Rozdział XXVI +18

494 12 5
                                    

Obudził mnie w nocy Namjoon, który strasznie się wiercił. Próbowałam ponownie zasnąć, ale co już prawie mi się udawało to Nam znowu się wiercił.

Mia : Co się dzieje ? - zapytałam zaspanym głosem.

RM : Nie mogę zasnąć. - powiedział.

Mia : Coś się stało ? - zapytałam.

RM : No wiesz, troche mnie rozbudziłaś i teraz mam problem. - powiedział.

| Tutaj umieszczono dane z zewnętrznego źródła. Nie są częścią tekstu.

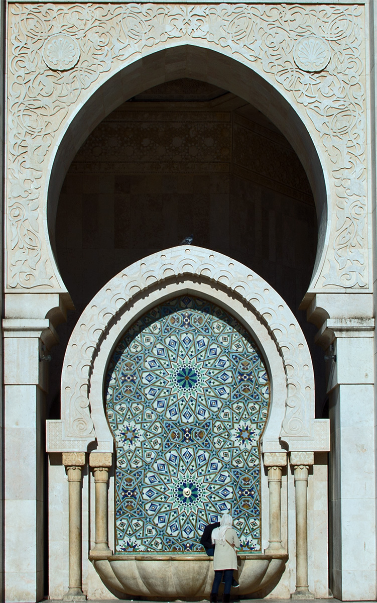 水汲み場の両側にあるゼリージュによる壁面装飾は、ひし形の網目模様になっており、こちらもエメラルドグリーン一色に見えますが、中央に異なる色を配色することで奥行きを与えています.

Mia : Nam możesz trochę jaśniej mój mózg nie pracuje obecnie na wyższych obrotach. - powiedziałam.

RM : Ehh.. Twoja ręka zjechała na mojego kutasa i teraz mam duży problem w majtkach. - powiedział zażenowany.

Mia : Nam ja nie chciałam, przepraszam. - powiedziałam zawstydzona.

RM : Nie mogę powiedzieć, że nic się nie stało, ale nie byłaś świadoma. Mia chyba pójdę do siebie. Nie chce zrobić czegoś wbrew twojej woli. - powiedział.

Mia : Jesteś pewny ? - zapytałam.

RM : To będzie chyba najlepsze wyjściez sytuacji. - powiedział

Tak naprawdę nie chciałam, aby sobie poszedł. Z jednej strony po tym co powiedział zrobiło mi się gorąco, natomiast z drugiej czułam lekką obawę przed tym co może się stać. Sama nie wiedziałam czego chciałam, przecież nie musieliśmy uprawiać seksu, ale czy Nam zdołał by się zatrzymać. Tego nie wiedziałam, a jednocześnie nie chciałam go rozczarować. Namjoon wstał z łóżka wziął swoje rzeczy i ruszył w strone drzwi.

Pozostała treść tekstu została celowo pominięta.